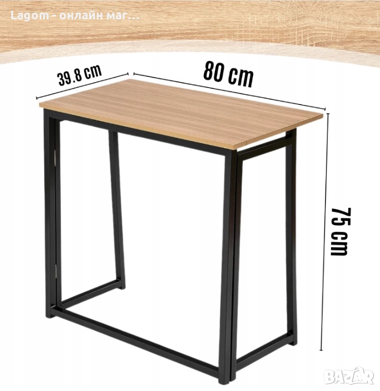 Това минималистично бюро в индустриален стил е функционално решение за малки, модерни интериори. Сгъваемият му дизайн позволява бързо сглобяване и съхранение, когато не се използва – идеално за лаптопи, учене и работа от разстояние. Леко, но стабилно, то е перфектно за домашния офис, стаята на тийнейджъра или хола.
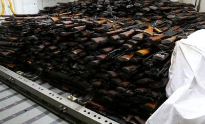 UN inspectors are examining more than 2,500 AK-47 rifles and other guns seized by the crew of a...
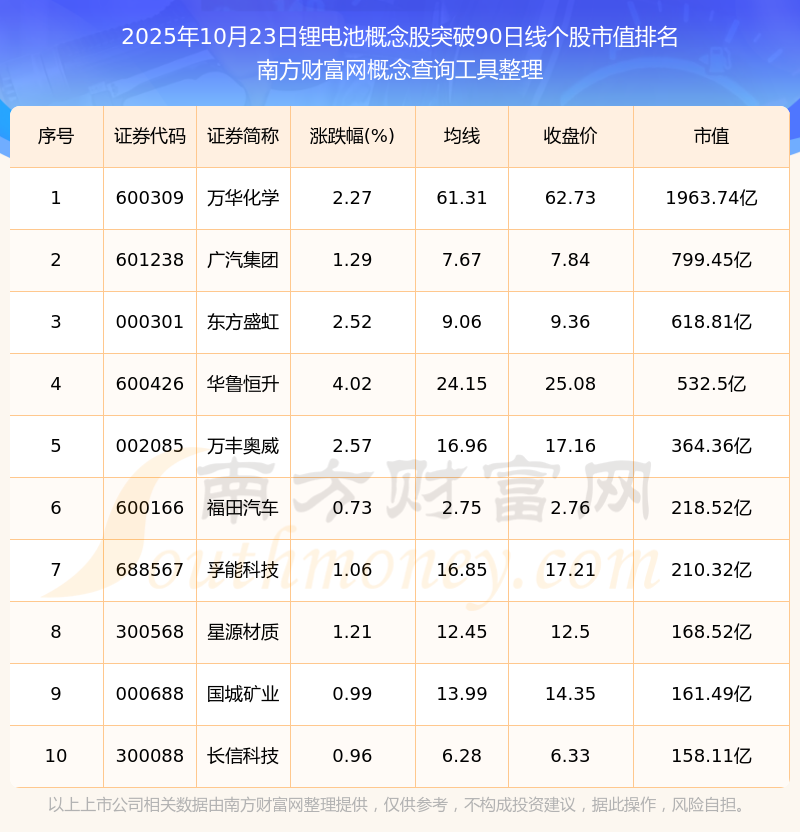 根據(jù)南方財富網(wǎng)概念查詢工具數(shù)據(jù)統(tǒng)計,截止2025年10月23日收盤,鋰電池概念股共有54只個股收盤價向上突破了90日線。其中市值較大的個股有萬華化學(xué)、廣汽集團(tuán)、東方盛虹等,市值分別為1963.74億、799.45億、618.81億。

---

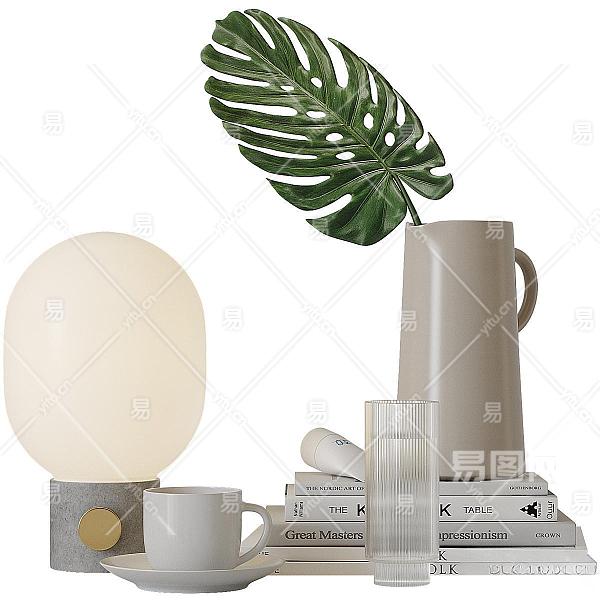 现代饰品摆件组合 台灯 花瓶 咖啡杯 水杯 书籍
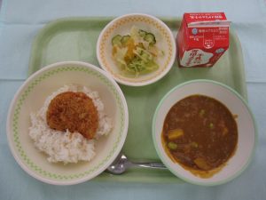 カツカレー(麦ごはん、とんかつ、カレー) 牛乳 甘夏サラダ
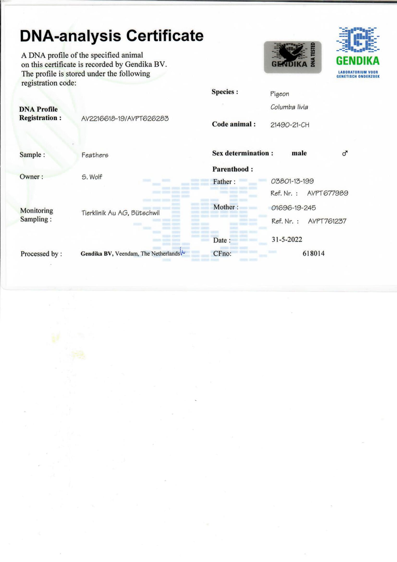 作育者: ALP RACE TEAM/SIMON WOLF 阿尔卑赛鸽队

* * *

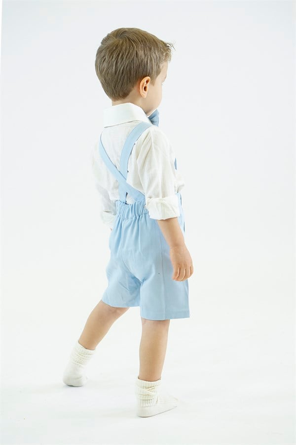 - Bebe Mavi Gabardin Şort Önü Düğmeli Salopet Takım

▶ [Work required]:
Only one stretch of the data is wanted: write out exactly the lines from the one holding "Това минималистично бюро" through the one holding "UN inspectors are", both included, without the pictures.

▶ [Response area]:
 Това минималистично бюро в индустриален стил е функционално решение за малки, модерни интериори. Сгъваемият му дизайн позволява бързо сглобяване и съхранение, когато не се използва – идеално за лаптопи, учене и работа от разстояние. Леко, но стабилно, то е перфектно за домашния офис, стаята на тийнейджъра или хола.
 UN inspectors are examining more than 2,500 AK-47 rifles and other guns seized by the crew of a...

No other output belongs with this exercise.